For the first time in the independent India, tribals on Thursday got a licence to harvest and trade bamboo as a minor forest produce to improve their livelihood. A transit pass book to harvest and transport bamboo was given to tribals of Mendha Lekha village in Gadchiroli district of Maharashtra after Environment minister Jairam Ramesh threatened to take disciplinary action.

“If transit pass is not given, legal action would be taken against officials,” he warned and emphasised that the power to issue transit passes for bamboo must be retained by gram sabha. Till Wednesday, the forest department was not willing to handover the transit book saying it was an exclusive right of the forest department under the Indian Forest Act (IFA).

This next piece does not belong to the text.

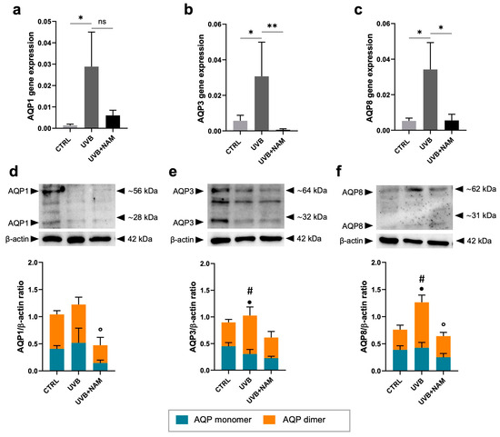 NAM stimulation reduces the expression of AQP1, 3, and 8 and dimer formation. A375 cells were exposed to UVB 40 mJ/cm2 and stimulated with NAM 25 μM for 24 h. Gene expression of (a) AQP1, (b) AQP3, and (c) AQP8 expressed as the mean ± S.E.M. of six independent experiments. Representative Western blotting and relative densitometric analysis of (d) AQP1, (e) AQP3, and (f) AQP8 expressed as the mean ± S.E.M. of six independent experiments. ns p > 0.05, * p < 0.05, ** p < 0.01. ● p < 0.05 vs. CTRL; # p < 0.05 monomer vs. dimer; ° p < 0.05 vs. UVB. CTRL, control; NAM, nicotinamide.

Ramesh said the Forest Rights Act supersedes this provision of the IFA. After the warning, the department handed over the transit permit passbook to local community leader Devaji Tofa. The passes are needed to take bamboo out of the village and sell it in the market.

Mendha Lekha was one of the two villages in the country to win community rights over their forests in December 2009 under the Forest Rights Act of 2006, which gives tribal and forest dwellers the right to gather and sell minor forest produce, including bamboo, in the market.

Sudha Pillai, member secretary of Planning Commission termed the day as “historic” as injustice done to tribals in 1857 by the British was undone. “It is liberation for tribals similar to what India got after Mahatma Gandhi’s anti salt march,” she said, in presence of Ramesh and Maharashtra Chief Minister Prithviraj Chavan.

Controlled by the forest department, bamboo business is worth Rs 5,000 crore in India. If Lekha’s achievement is replicated elsewhere it can change lives of millions of tribals.